Grace's Guide is the leading source of historical information on industry and manufacturing in Britain. This web publication contains 143,455 pages of information and 230,060 images on early companies, their products and the people who designed and built them.
The Melbourne and Hobson's Bay Railway Company of Victoria, Australia.
1853 January 20th. Founded to build the line from Melbourne to the port of Sandridge (now Port Melbourne). It was constructed in the broad gauge of 5ft 3in, as the result of an agreement between the then Australian colonies to adopt that gauge. This was the first common-carrier railway to operate in Australia.
The first engineer for the line was William Snell Chauncy, but he was forced to resign in March 1844 due to problems with his work, including the failure of piles on the railway pier.
1853 March. Work began on laying the railway. Trains were ordered from Robert Stephenson and Co but these were delayed. James Moore constructed an engine from one of the pile-driving machines mounted on a ballast wagon. Another engine was built locally - this was a 2-2-2WT locomotive built by local engineering works Robertson, Martin and Smith. Australia's first steam locomotive was built in ten weeks and cost £2,700.
1854 March. James Moore C. E., was appointed as Chief Engineer for company. It was said of Moore that he was a man of whose abilities rumour speaks favourably and was responsible for designing the railway line between the city and the pier main deep-water pier on Hobson's Bay at Sandridge.

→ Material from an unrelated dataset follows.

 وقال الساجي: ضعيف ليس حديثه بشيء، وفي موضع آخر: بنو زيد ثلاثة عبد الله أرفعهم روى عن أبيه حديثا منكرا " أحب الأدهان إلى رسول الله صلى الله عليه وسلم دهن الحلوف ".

1854 September 12th. The line was opened (three years after the discovery of gold at Ballarat) and ran for 4 kilometres (2.5 miles) from the Melbourne (or City) Terminus (on the site of modern-day Flinders Street Railway Station), crossing the Yarra River on the original Sandridge Bridge to Sandridge (now Port Melbourne). It opened more than a year before the Sydney–Parramatta Railway in NSW, which opened on 26 September 1855.
The opening of the line occurred during the period of the Victorian gold rush – a time when both Melbourne and Victoria undertook massive capital works, each with its own gala opening. The inaugural journey on the Sandridge line was no exception. According to the Argus newspaper's report of the next day: "Long before the hour appointed ... a great crowd assembled round the station at the Melbourne terminus, lining the whole of Flinders Street". Lieutenant-Governor Sir Charles Hotham and Lady Hotham were aboard the train – which consisted of two first class carriages and one second class – and were presented with satin copies of the railway's timetable and bylaws.

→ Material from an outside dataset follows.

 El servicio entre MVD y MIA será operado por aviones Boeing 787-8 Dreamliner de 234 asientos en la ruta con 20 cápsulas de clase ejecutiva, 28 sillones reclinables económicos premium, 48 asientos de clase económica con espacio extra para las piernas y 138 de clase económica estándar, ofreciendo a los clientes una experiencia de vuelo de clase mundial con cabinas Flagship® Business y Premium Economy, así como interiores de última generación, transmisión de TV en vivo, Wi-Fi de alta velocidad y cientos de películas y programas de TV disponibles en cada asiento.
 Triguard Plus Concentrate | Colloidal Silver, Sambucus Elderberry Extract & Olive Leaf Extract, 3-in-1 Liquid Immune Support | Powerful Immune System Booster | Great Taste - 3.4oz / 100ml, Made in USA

The trip took 10 minutes, none of the later stations along the line having been built. On arriving at Station Pier (onto which the tracks extended), it was hailed with gun-salutes by the warships HMS Electra and HMS Fantome.
1854 December. James Moore left and was replaced by William Elsdon
1855 January. Steamer connections from Sandridge to Williamstown and Geelong commenced.

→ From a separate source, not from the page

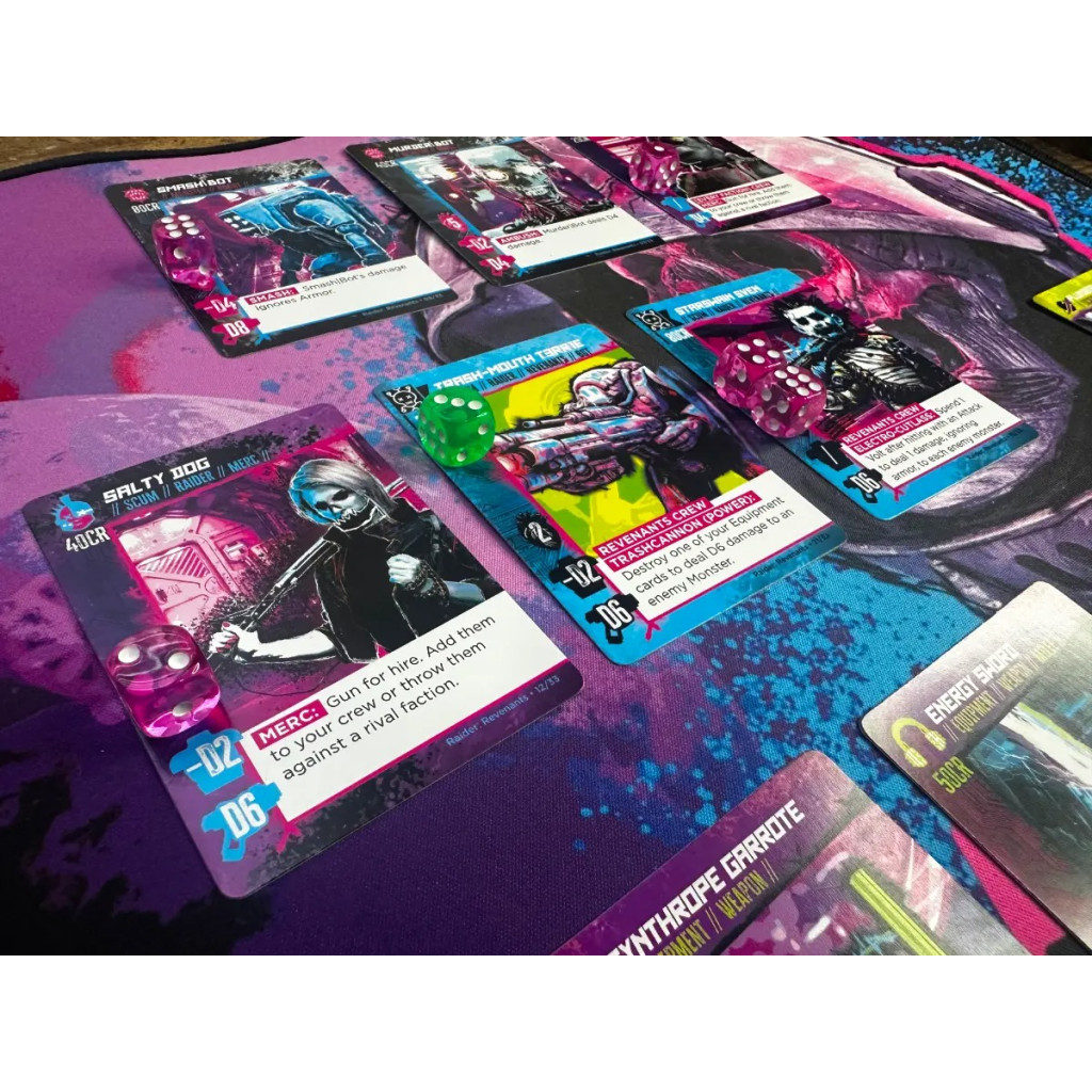 In Plunderlust, each player takes on the role of a scrappy plunderer and their crew of gruesome raiders on their quest for creds and conquest. Each player has a deck of cards to use to build a wreck as they explore it, recruit scum for their LEGION, and torment their opponent.

1855 March. The four 2-4-0 well tank engines ordered from the UK were all in service, with trains running every half-hour. They were named Melbourne, Sandridge, Victoria, and Yarra (after the Yarra River over which the line crossed).
1856 The pier at Sandridge was extended three times and the line was doubled.
1857 May 13th. Opened a 4.8 km (3.0 mi) line from Flinders Street Station to St Kilda, to meet up with the St Kilda to Brighton line being built by the St Kilda and Brighton Railway Company. William Elsdon had been appointed Engineer in Chief, and designed the line. His name is engraved into the parapet of the bridge at Park Street.
1865 The company absorbed two other private railways in suburban Melbourne, St. Kilda and Brighton Railway Co and the Melbourne and Suburban Railway Co. The combined company was known as the Melbourne and Hobson's Bay United Railway Co.
1878 The combined company was in turn taken over by the Government of Victoria to become part of Victorian Railways.
Both lines became part of the Melbourne suburban electrified network during the 20th century.
Most of both lines were converted to standard gauge light rail in 1987 as tram routes 96 and 109.